= Phaloria =

Map showing ancient Thessaly. Phaloria is shown to the centre left near western boundary of Thessaly.

Phaloria or Phaloreia (Φαλώρεια) or Phalore (Φαλώρη) was a town and polis (city-state) of Histiaeotis in ancient Thessaly, apparently between Tricca and the Macedonian frontier.

In the Second Macedonian War, in 198 BCE, Roman troops and their allies under command of Titus Quinctius Flamininus upon their entry into Thessaly, attacked Phaloria, which was defended by 2,000 Macedonians who resisted for a time but due to the tenacious perseverance of the Romans, day and night, the city was captured and, later, set afire and looted.
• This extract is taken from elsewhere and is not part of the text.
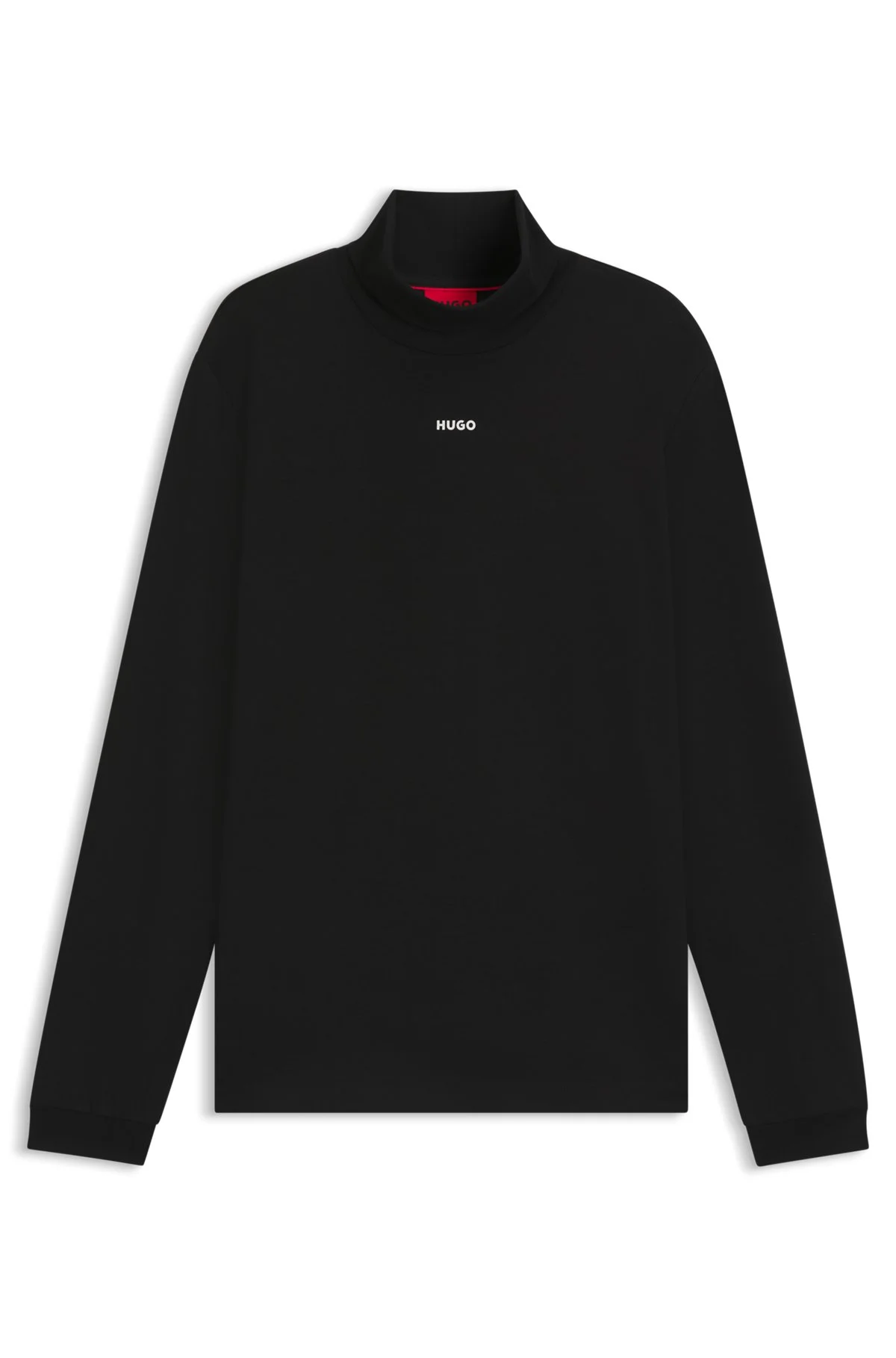 SIZE AND FIT The model wears a size M and is 6'2" tall with a, 35" chest, 28" waist and 35" hips. DETAILS Whether you style it solo or layer it with tailoring, this regular HUGO Menswear rollneck T-shirt will provide style with breathable comfort. Cotton jersey. Regular fit Neckline: Turtleneck Long sleeves Daporollo - 50547372 QUALITY & CARE INSTRUCTIONS Do Not Bleach Do Not Dry Clean Material: 100% Cotton Do Not Tumble Dry Machine Wash Cold Gentle Iron Low Heat

This prompted the nearby cities of Cierium and of Metropolis to send embassies offering to surrender of their cities.

During the Roman–Seleucid War, it was one of the Thessalian cities in the year 191 BCE, being held by Athamanians, was taken by a joint army of the Roman Marcus Baebius Tamphilus and Philip V of Macedon.

Bronze coins have been found that were minted by the city of Phaloria at least from the end of the 4th century or the beginning of the 3rd century BCE.

The site of Phaloria has tentatively been accepted at a place near Meritsa.